The topic of privilege is important on college campuses especially. During this school year alone, there has been a spike in racial incidents nationwide. These include posting of blackface photos, the use of racial slurs, writing of “KKK” on school property, hosting parties with “gangsta” themes and hanging of a noose around statues of black figures.
This is not a dying issue — the Department of Education found an increase in reported racial complaints on college campuses from 555 in 2009 to 939 in 2014. And remember, that’s just reported complaints. A different study conducted by UCLA indicates that campuses with lower diversity rates have more reported racial complaints than their more diverse counterparts.
“Students experience more incidents of stereotyping and discrimination in low-diversity environments,” said Sylvia Hurtado, director of the Higher Education Research Institute at UCLA. “[And] it doesn’t completely disappear in high-diversity environments, though it occurs at a significantly lower rate.”
CU does not do well in this regard. With white students comprising 71 percent of the student population, CU was ranked 87 out of the top 100 universities when it comes to diversity. However, it does not even make the combined list for top 100 most diverse schools, which includes both colleges and universities.
At CU, I’ve heard the “N” word slung around by white students, seen black people turned away from parties right after countless groups of white people were admitted and felt the discomfort of being the only minority in a majority of my classes. Hell, one time a white boy had to ask, in a college class, what lynching meant.
While discrimination continues to be prevalent, and must be acknowledged, privilege also must not be perceived as a dirty word. People aren’t inherently evil just because they were born white or wealthy or identify as cis, straight or as a man. That’s not what arguments for social justice are saying. People shouldn’t feel crippling sorrow and carry the weight of every bigot in history. However, people must accept their privilege in order to be aware of how society treats others and ultimately help do something about these unacceptable differences.
This help can come in forms as active as protest or as simple as trying to educate others — family members, coworkers and friends — so there can be less discrimination in our society. Awareness can do something as passive, but as necessary, as informing your next vote. Maybe, if more people accepted their privilege, we would avoided the election of President Trump.
Privilege is also not an all-or-nothing concept; we all have privilege in some ways, despite the fact that many of us are marginalized in others.

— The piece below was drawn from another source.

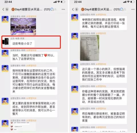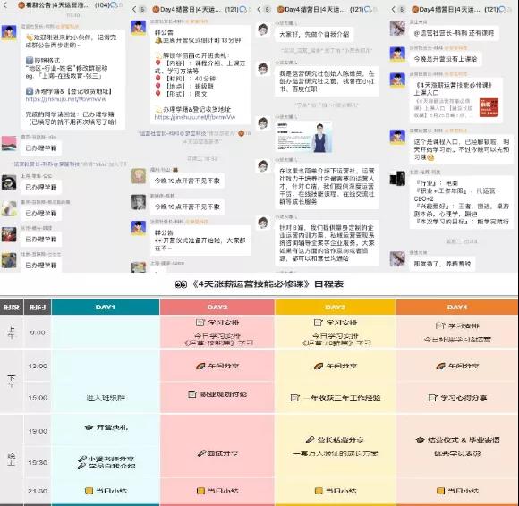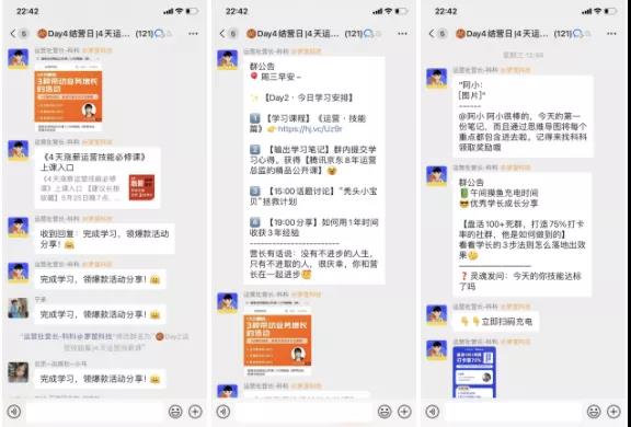 ①班主任根据日程表进行活跃,早上发布学习安排,中午干货文章分享,下午话题讨论,晚上班主任进行不同主题分享。课程活跃中,不停的抛出福利钩子,引导用户完成听课内容,并做好笔记输出。

However, once we accept our own privilege, it is vital that we do not make the mistake of thinking that acknowledging privilege means we know the struggles of every marginalized group; fighting for their struggles don’t make them yours to claim.

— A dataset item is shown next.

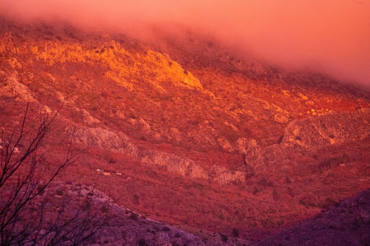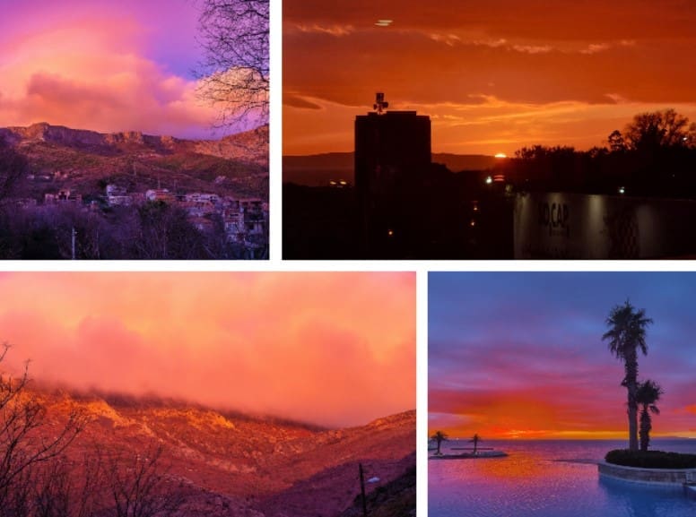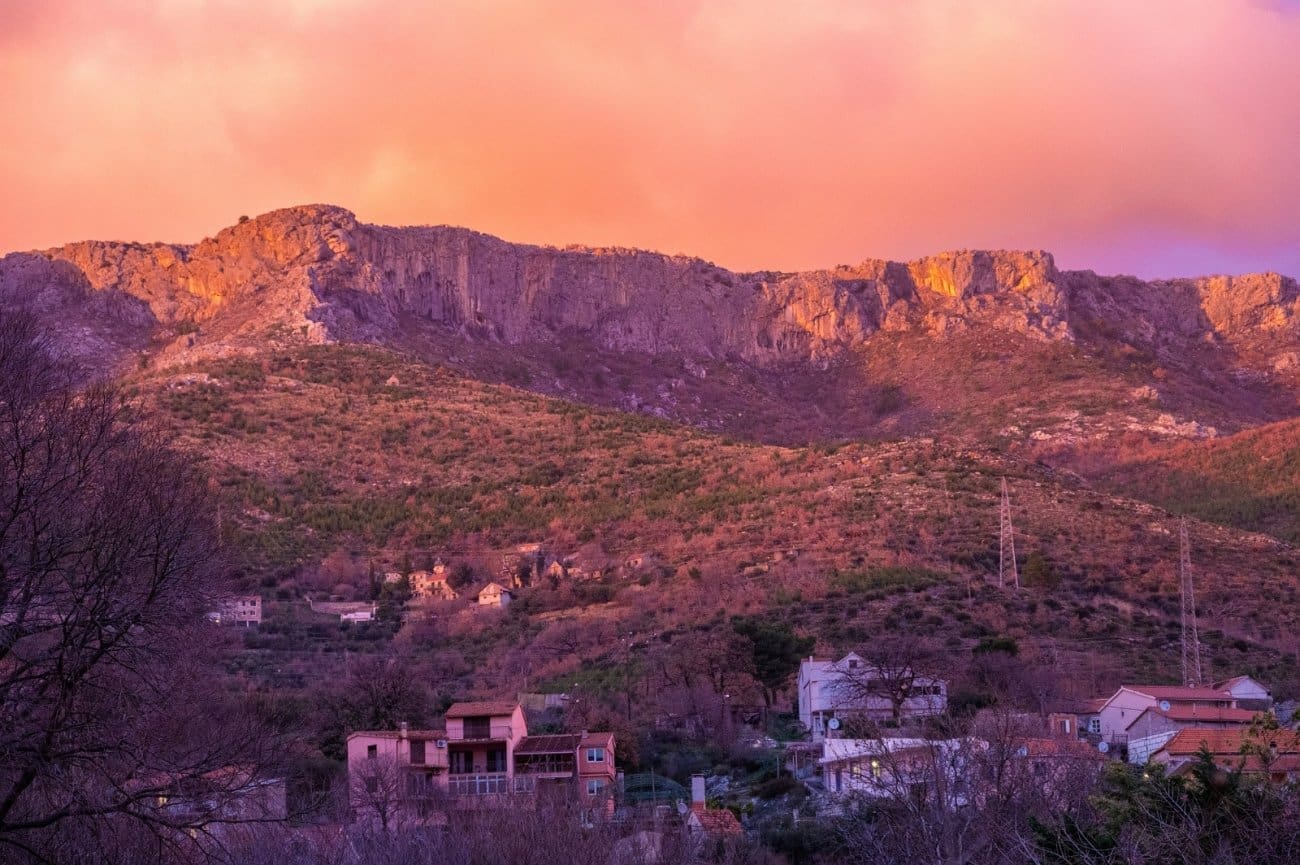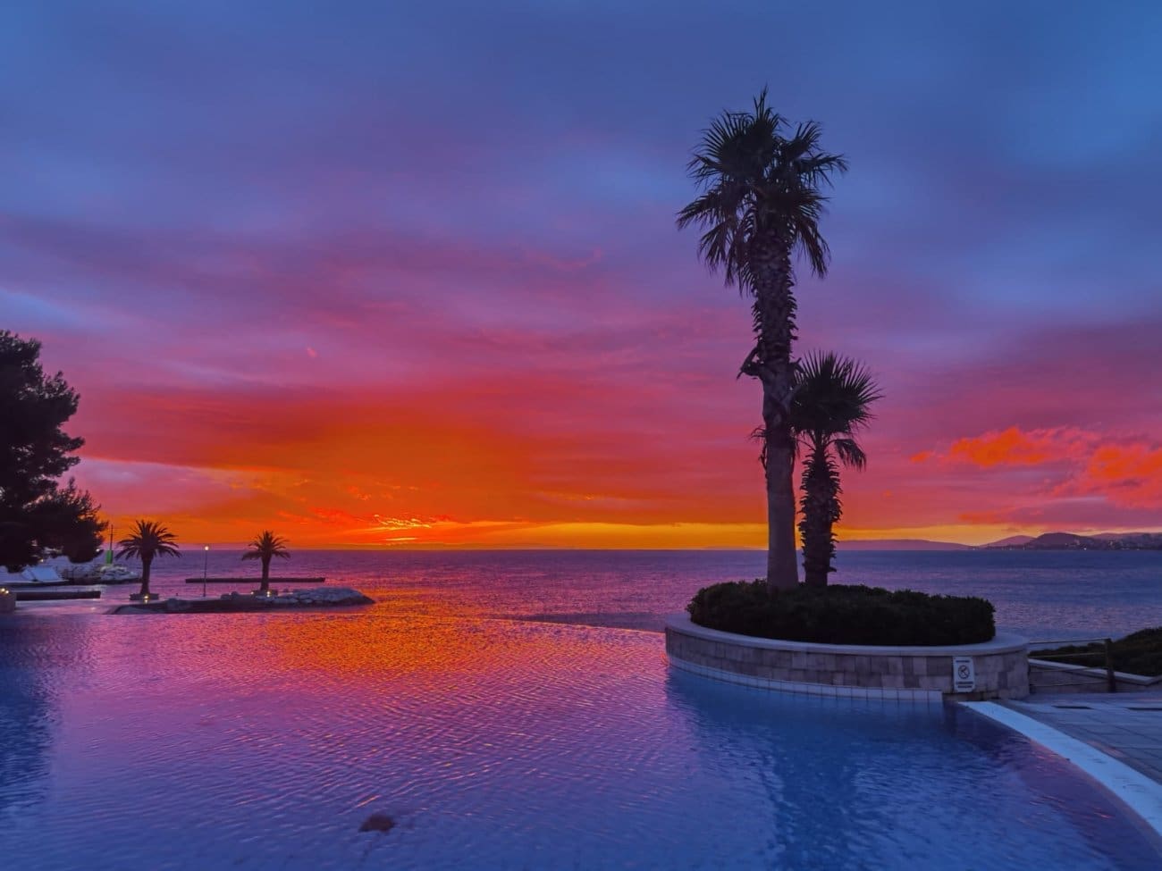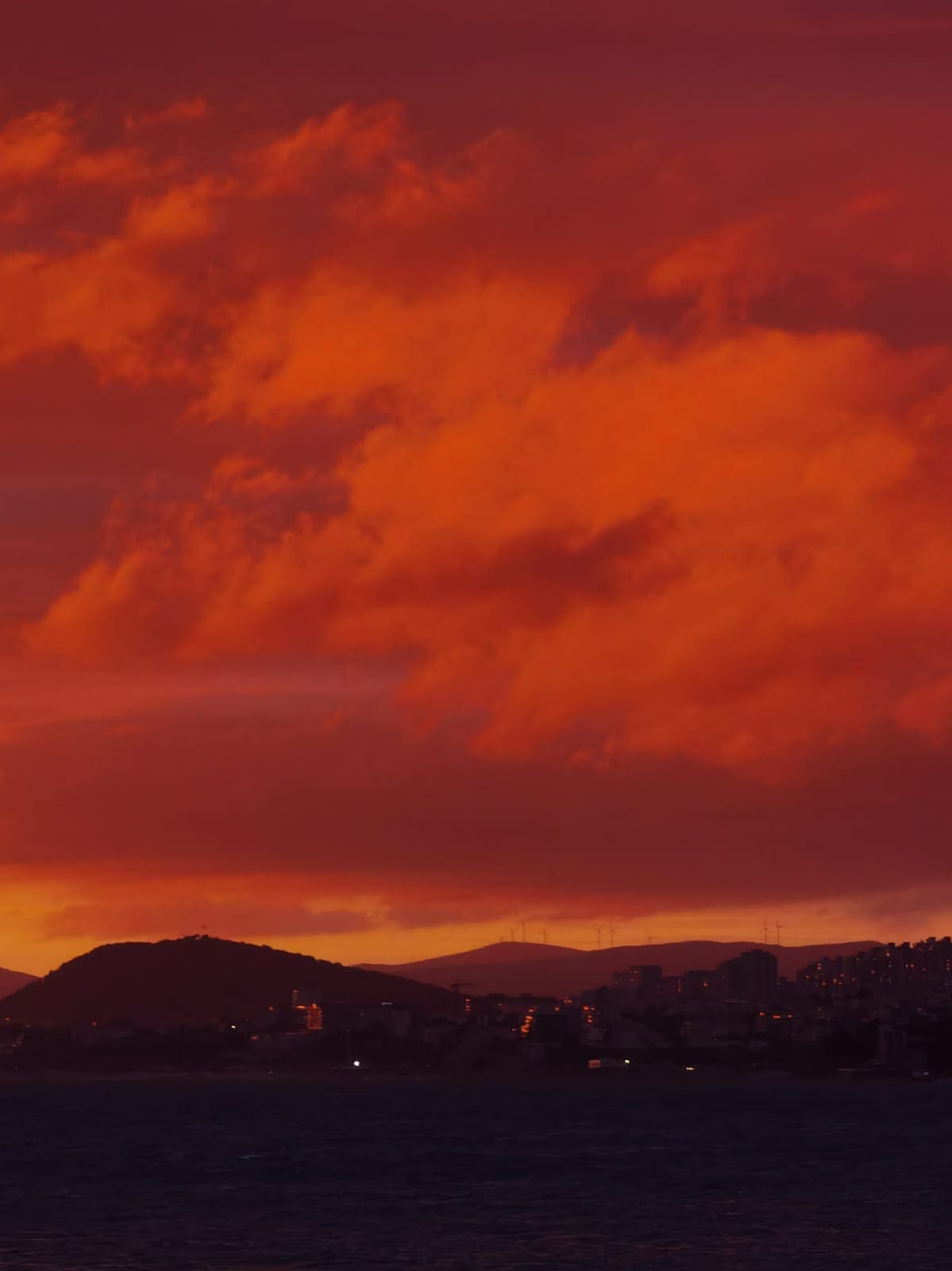 Kraj dana obilježio je lijep zalazak sunca koji je osobito na splitskom području intenzivno crvene boje. Naoblaka je napukla na krajnjem zapadu pa su zrake sunca obojile grad, otoke, Mosor.

We all need to be allies for each other, but we also have to know that it’s not always our place to fight beside someone. Sometimes we need to fight behind groups we don’t belong to and defer to their knowledge on the topic of their oppression — you can be sure that they know it better than us. And while we need to recognize our privilege, we must understand that having privilege doesn’t make us bad people. The crime is not in the privilege itself, but rather in failing to use that privilege to do some good in this world.